The performance follows a composition in 10 parts and leaves space for spontaneous decisions and improvised variations by Bisig and Wegner on stage. Several words of the text are synthesized, sometimes stretched to a very long time period. The connection between music and image progresses through different forms of relationships, control parameters for sound synthesis occasionally affect image generation, spoken words become periodic attractors for the swarm simulations.
Ephraim Wegner developed a Csound script that coordinates the text material by a Markov chain. The chain indices are linked to parameters of granular synthesis (speed/duration, size, rate) a noise vocoder, a rhythm section (speed/duration) and fractional noise (speed/duration, frequency).

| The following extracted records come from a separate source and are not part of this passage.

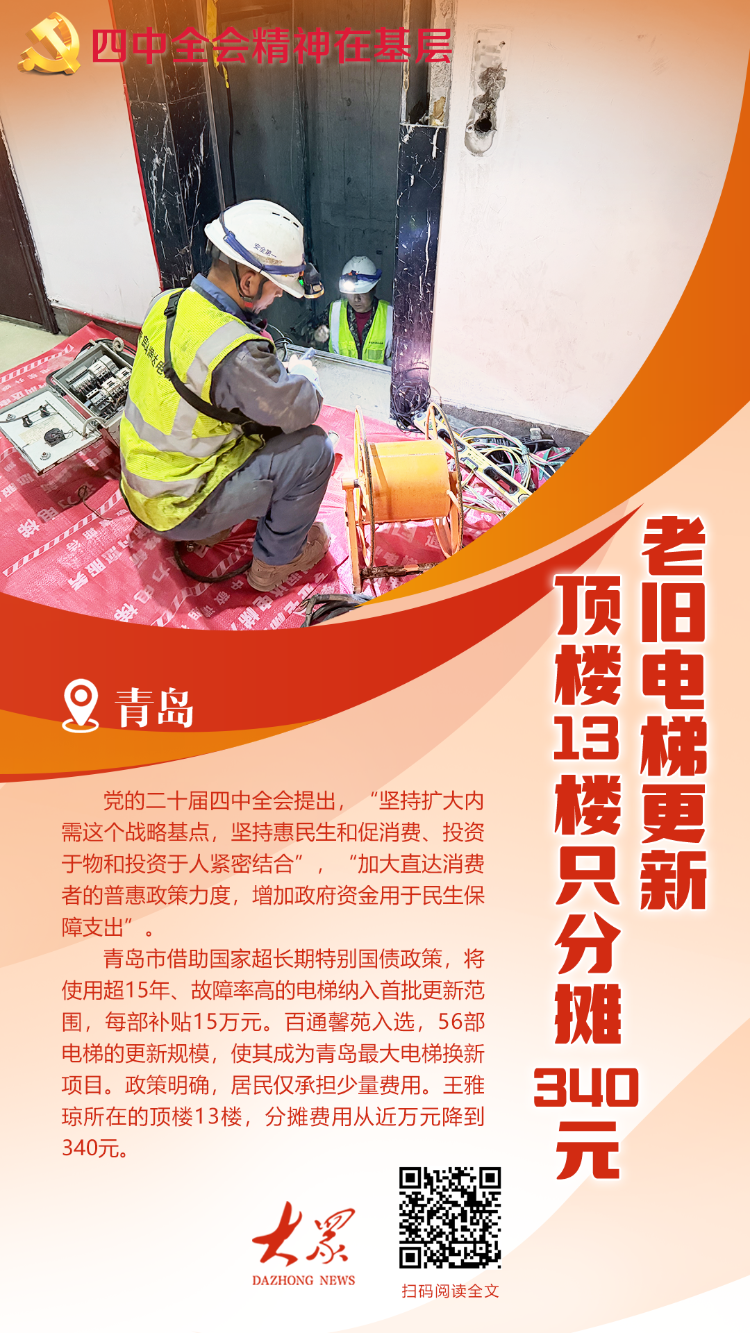青岛市借助国家超长期特别国债政策,将使用超15年、故障率高的电梯纳入首批更新范围,每部补贴15万元。百通馨苑入选,56部电梯的更新规模,使其成为青岛最大电梯换新项目。政策明确,居民仅承担少量费用。王雅琼所在的顶楼13楼,分摊费用从近万元降到340元。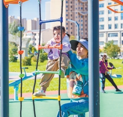 內(nèi)蒙古呼和浩特萬(wàn)和體育公園,家長(zhǎng)幫助孩子攀爬軟梯。丁根厚攝(影像中國(guó))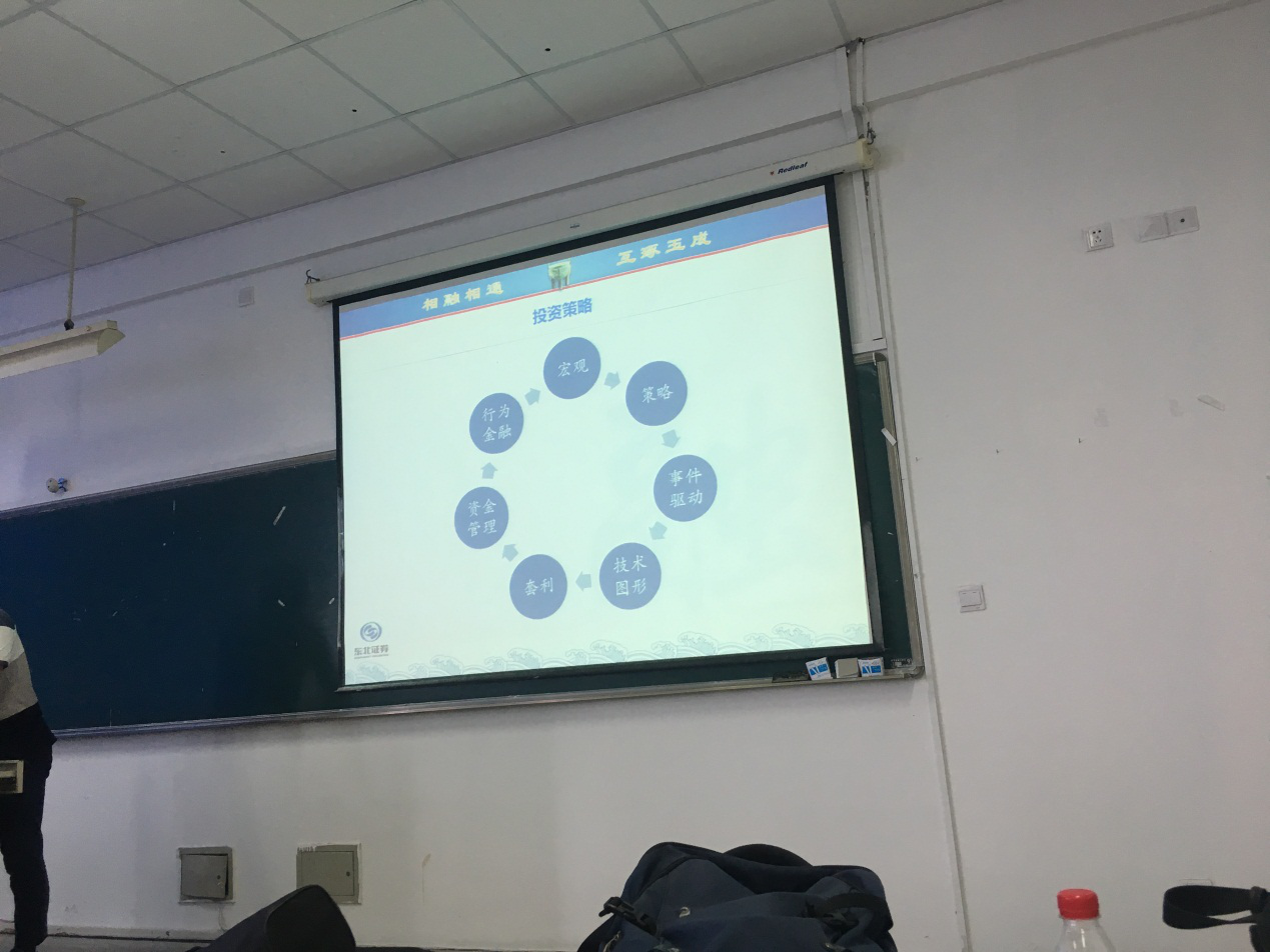 东北证券的陈玉玺总监则重点从投资理论、投资策略报告写作等方面为我们讲解深度讲解。在投资理论上,重点要正确处理好投资与投机的关系、利用树形原理对相关图形进行马后炮式的解释、利用骤变效应原理将极端情况考虑进证券投资中去,等等。最后还介绍了东北证券,详细说明了东北证券温州营业部正在筹办当中,急需像温州大学这样的本土毕业的学生加盟。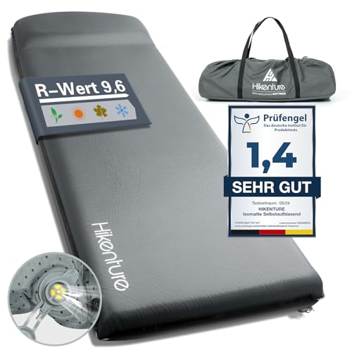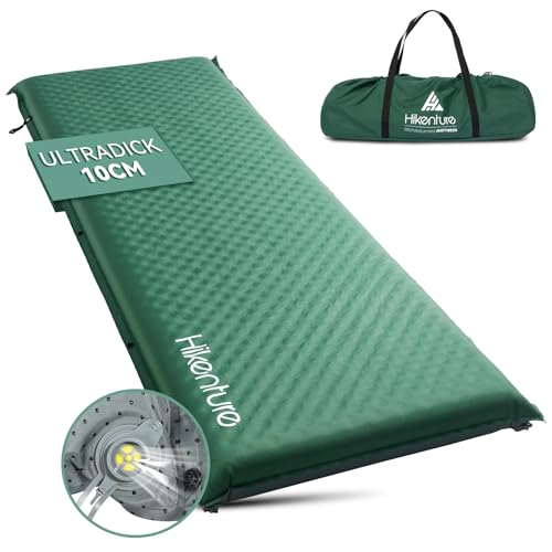HIKENTURE Liggunderlag självuppblåsande med inbyggd elektrisk pump, 10 cm tjock campingmadrass av skum, 9,5 R-värde, uppblåsbar luftmadrass, sovmatta för utomhusbruk, tält, vandring, bil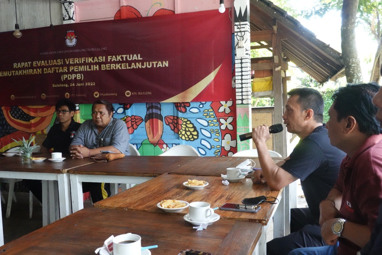 Singaraja, kab-buleleng.kpu.go.id – Komisi Pemlihan Umum (KPU) Kabupaten Buleleng melaksanakan rapat koordinasi evaluasi verifikasi faktual data pemilih berkelanjutan tahun 2022 di Alam Sambangan, Desa Sambangan Kecamatan Buleleng, Jumat (24/6/2022).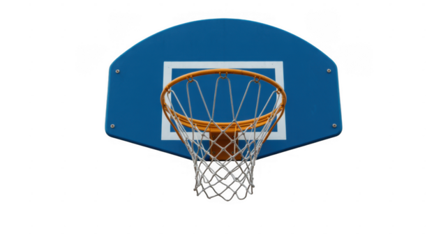 Basketball hoop and net with blue backboard and white square isolated on a transparent background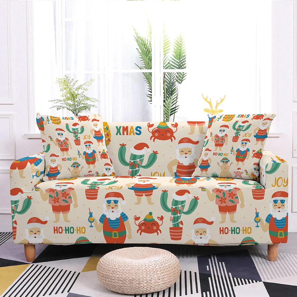 Чехлы на диван с надписью "Merry Christmas", эластичный чехол на диван для гостиной, чехол на диван с Санта-Клаусомоленем, Рождественский Декор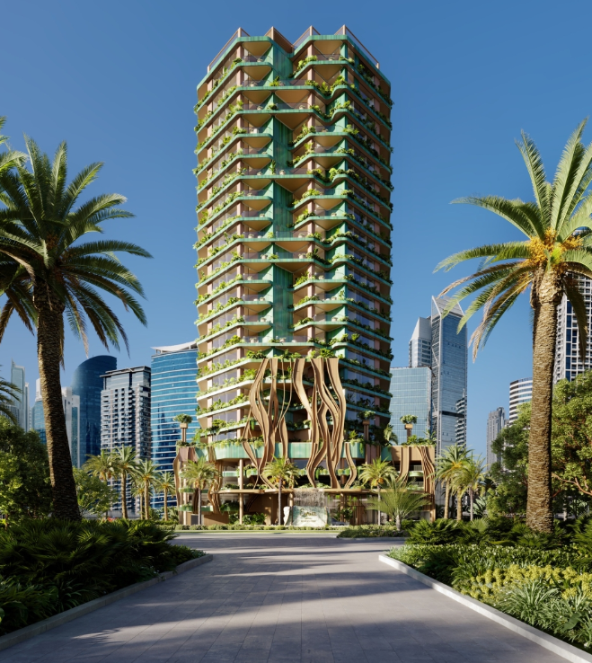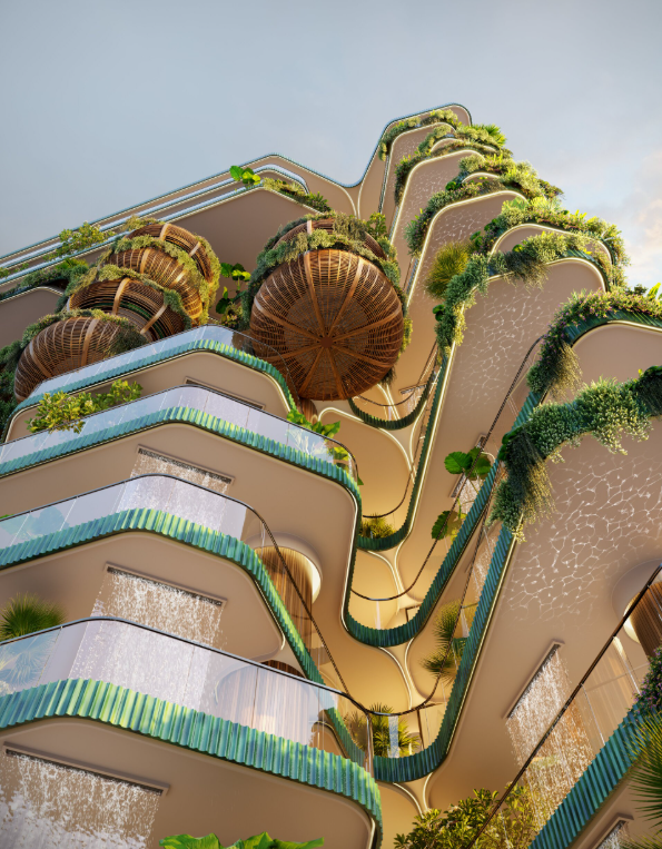 Eywa(エイワ)は、映画「アバター」に登場する「ハレルヤ・マウンテン」と、シンボリックなバニヤンツリーをモチーフにした超高級レジデンスで、「命の木(Tree of Life)」を具現化した建築コンセプトを採用しています。有機的な枝と根がうねるような外観デザインと、豊富な緑と水、クリスタルを組み合わせた"生きている建物"として、永続的な成長と英知を象徴するのが特徴です。 建物全体は「Air(空気)」「Water(水)」「Tree(木)」「Stone(石)」「Fire(火)」という5つのエレメントに基づき設計されており、各エレメントに対応した空間演出とマテリアルが共用部と各住戸に組み込まれています。メインホールの7.5mの吹き抜け、レストラン等の4.4m天井、各アパートメント約3.4mの天井高に加え、特殊フィルターによる空気清浄と天然アロマが導入され、常に澄んだ空気環境を提供します。 エントランスには迫力あるウォーターフォールが設置され、一部住戸には専用の滝が用意されるほか、1階テラスには4つのスイミングプールが配置され、各アパートメントには約2×3mのプライベートプールが備わります。 建物自体が一本の巨大なバニヤンツリーのようにデザインされ、各住戸には空中庭園や豊かな植栽が配され、共用部も内外にわたり多くの樹木とガーデンで構成されています。 内部外部の床・壁には天然石を多用し、建物全体には高さ約105mに及ぶクリスタルの"エナジーピラミッド"が貫くように設計され、パブリックエリアには浮遊する日本式ストーンガーデンやクリスタルガーデンが点在します。メインホール内の暖炉や、1階テラスおよびレストラン、クラブハウスに設けられたオープンファイアの"トライバルミーティングプレイス"が、コミュニティの集いと精神性を象徴します。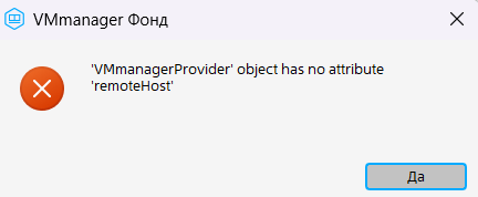 - Проверить при подключении к фонду виртуальных рабочих мест (ВРМ) по протоколу RDP наличие сообщения вида: ""VMmanagerProvider' object has no attribute 'remoteHost'":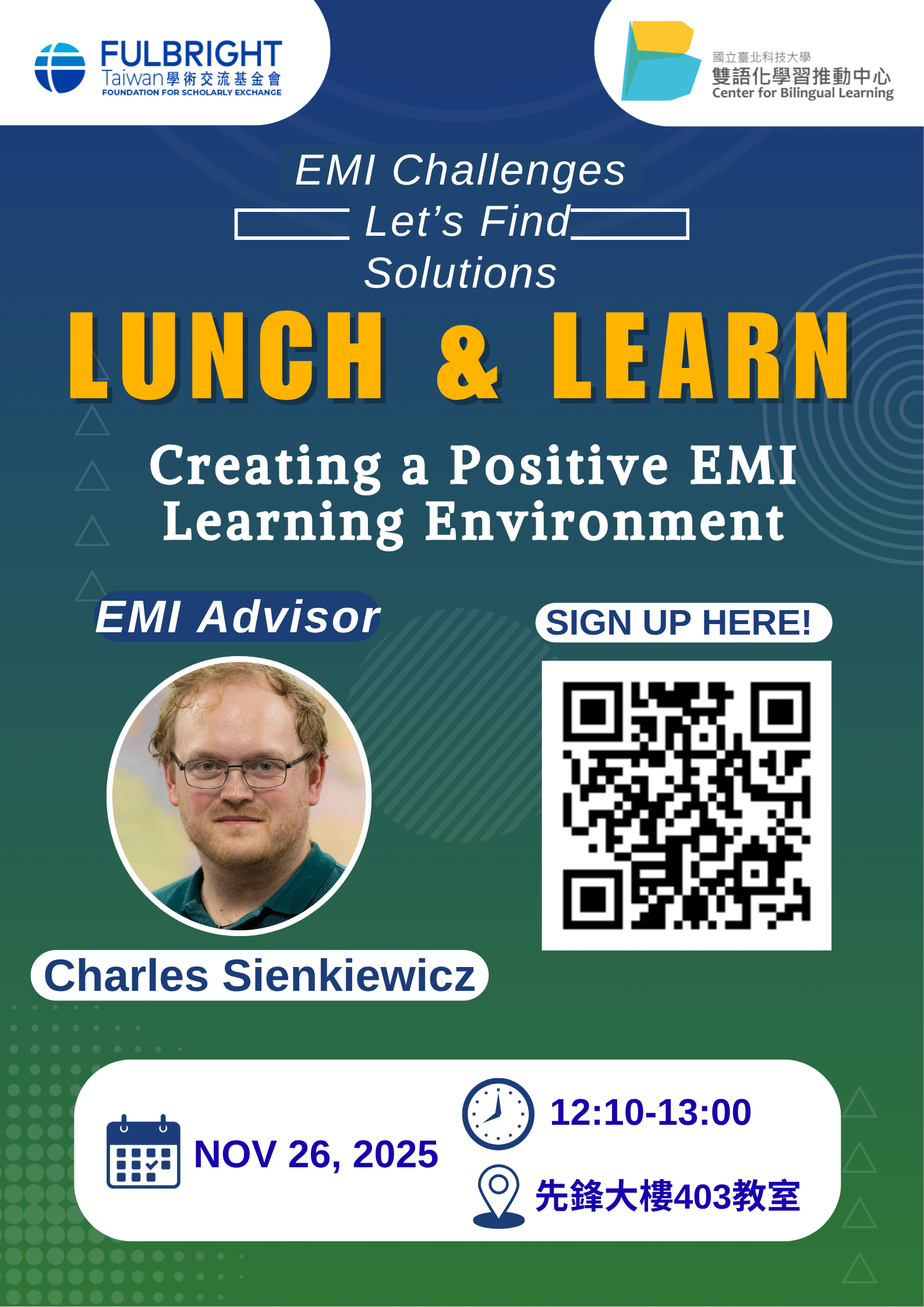 國立臺北科技大學雙語化學習推動中心辦理「Lunch and Learn: EMI Challenge Series-Let's Find Solutions」

The video generation is also linked to the indices of the Markov chain, thus influencing swarm behaviour, repulsion and attraction of the individual particles, alignment on typographic vectors and creating various structures with different textures.
Within the borders of this setup and the limits of the composition, Bisig and Wegner are using their live impact on the stimulating indices, turning parts of their instruments on or off, setting thresholds, using transparency and volume control to respond to one another as well as to the evolving system.
The artists are approaching the phenomenon of JETZT using an entangled system of sound and images, zooming in between the lines and letters, expanding that present moment along time and assigning it a location in space. Sound and Picture are constantly changing and evolving. There is hardly a moment of temporal extension, except for those moments, when particular words of the poem are made tangible musically or in the visual projection. The play on words is complemented and counteracted by the play of the artists. This approach enables a different form of perception of that present moment, whilst at the same time it is conceived it is already overlapping with the actual presence. The issue of this simultaneity is beyond the expressive possibilities of language.